Des archéologues ont mis au jour une mâchoire partielle d’Homo erectus vieille de 1,8 million d’années sur le site d’Orozmani, en République de Géorgie. Découvert à proximité d’un autre gisement où de nombreux ossements d’Homo erectus avaient déjà été exhumés, ce fossile pourrait figurer parmi les plus anciens restes humains jamais trouvés hors d’Afrique. Il constituerait ainsi un indice précieux de la première migration de nos ancêtres au-delà du continent africain.
Plusieurs vagues de migration des espèces du genre Homo d’Afrique vers l’Eurasie se sont produites, depuis le Paléolithique inférieur (il y a 2,5 millions d’années) jusqu’à des périodes beaucoup plus récentes, contrairement à ce qu’indiquent parfois certaines sources. La première d’entre elles, connue sous le nom de « Out of Africa I », correspond au moment où le genre commença à quitter le continent pour explorer d’autres territoires. Elle ne doit pas être confondue avec la seconde grande migration, dite « Out of Africa II », survenue chez Homo sapiens il y a environ 200 000 ans.
H. erectus, apparu en Afrique il y a près de 2 millions d’années, est considéré comme la première espèce du genre Homo à avoir franchi les frontières africaines lors de cette première migration. Il a occupé certaines régions d’Europe, d’Asie et d’Océanie. Les plus anciens fossiles attribués à cette espèce et connus à ce jour, datés entre 1,77 et 1,85 million d’années, proviennent du site de Dmanissi, en République de Géorgie.
Cependant, la date précise de la migration d’H. erectus hors d’Afrique ainsi que sa répartition géographique exacte font l’objet de débats, faute de preuves fossiles suffisantes. Les vestiges de l’espèce sont en effet bien plus rares que les outils ou les restes d’animaux qu’elle consommait. Selon les archéologues de l’Université d’État d’Ilia à Tbilissi, la mâchoire d’Orozmani pourrait bien représenter le plus ancien spécimen découvert en dehors d’Afrique.
« C’est officiel ! La mâchoire inférieure d’un homme vieux de 1,8 million d’années a été découverte à Orozmani », a déclaré dans une publication Facebook de l’Ambassade de France en Géorgie Giorgi Bidzinashvili, professeur d’archéologie de l’âge de pierre à l’Université d’État d’Ilia et l’un des principaux responsables du projet.
Un fossile qui éclaire la première dispersion humaine
Le fossile a été mis au jour sur un site relativement restreint, situé à une centaine de kilomètres au sud de Tbilissi et à une vingtaine de kilomètres de Dmanisi. Il s’agit de la moitié inférieure d’une mâchoire, encore pourvue de deux dents. Ce n’est pas la première découverte du genre sur le site : une dent isolée avait déjà été trouvée en 2022 dans la même couche sédimentaire.
Jusqu’alors, les fouilles d’Orozmani n’avaient révélé que des restes d’animaux (tigres à dents de sabre, loups, éléphants, cerfs ou girafes) et des outils en pierre. L’annonce de ces nouveaux fragments par l’Agence nationale géorgienne pour la préservation du patrimoine culturel marque donc une avancée décisive, offrant aux chercheurs un portrait plus complet d’H. erectus.
Une présence humaine plus étendue qu’on ne le pensait
Les datations chimiques des coulées de lave recouvrant Dmanisi et Orozmani situent ces sites entre 1,825 et 1,765 million d’années.
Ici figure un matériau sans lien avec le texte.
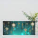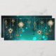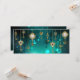 Gold, antique keys with gears and dials hang on gold chains on luminous green background.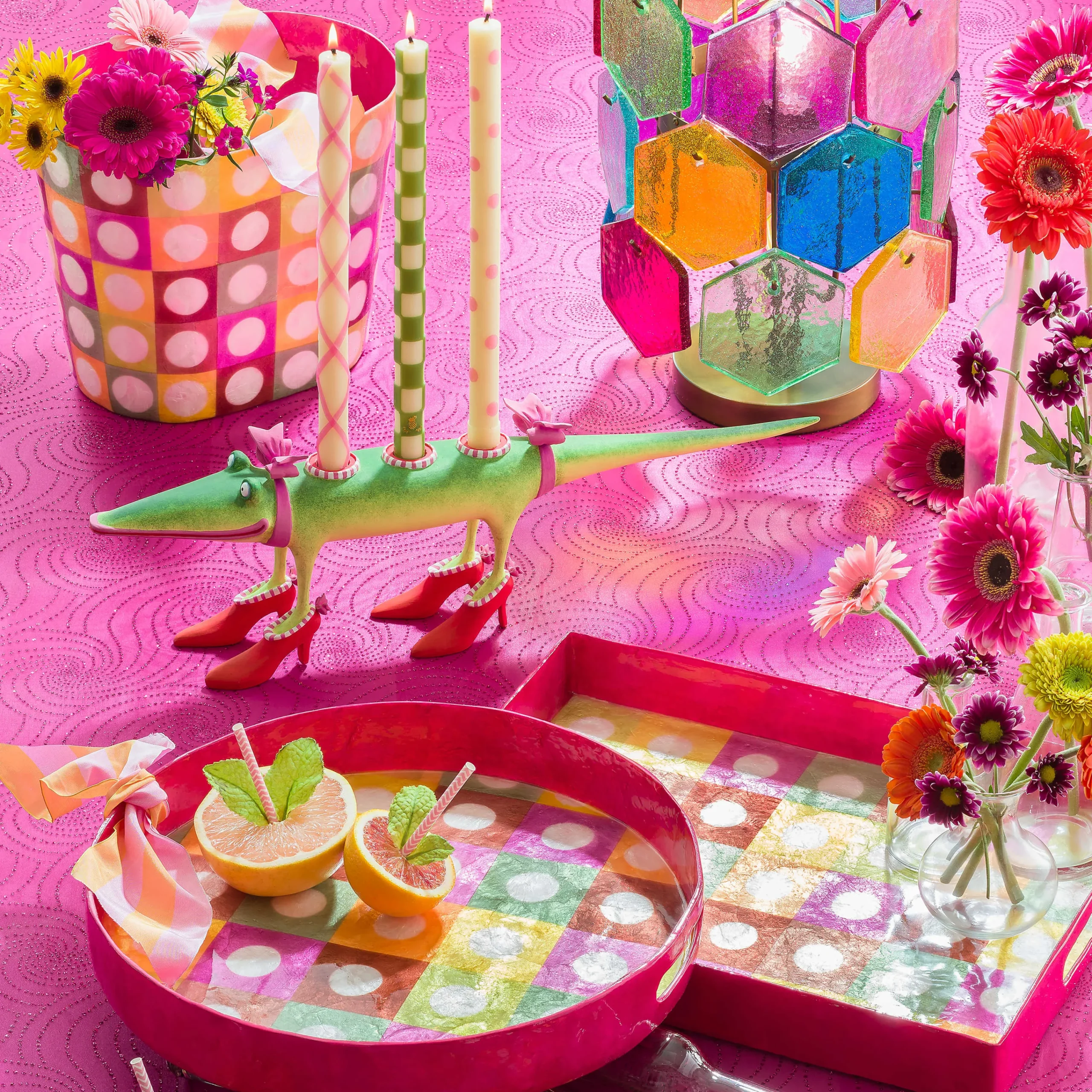 The Patience Brewster Gloria Alligator Candle Holder Lends A Whimsical Touch To Your Tabletop Or Mantel. Gloria Alligator, In Her Lipstick And Heels, Is A Tribute To Humor, To Kicking Up Your Heels, And To Grinning, No Matter What.

Bien que la découverte d’Orozmani ne concerne qu’une mâchoire partielle et deux dents, elle confirme que Dmanisi n’était pas une singularité : en trente ans de fouilles, ce dernier site a livré plus de cent ossements, dont cinq crânes.
Pour les spécialistes, ces trouvailles indiquent que plusieurs groupes humains primitifs se sont établis dans le Caucase après leur départ d’Afrique. Les crânes fossilisés montrent qu’ils étaient sensiblement plus petits que les Homo sapiens actuels et dotés d’un cerveau moins volumineux. La nouvelle découverte « devrait révéler les raisons de la migration des premiers hominidés hors d’Afrique », a expliqué Bidzinashvili au média Live Science.
« Peut-être que nous constatons que ce mouvement vers la Géorgie n’était pas un incident isolé, mais qu’Homo erectus était peut-être plus largement réparti à cette époque », a estimé Karen Baab, anthropologue biologique à l’Université Midwestern de Glendale, citée par le média américain.
De nouvelles analyses seront toutefois nécessaires pour affiner la datation du fossile, une étape que les chercheurs espèrent franchir d’ici la fin de l’année. Seule cette confirmation permettra de déterminer si la mâchoire d’Orozmani constitue effectivement le plus ancien témoin d’Homo hors d’Afrique.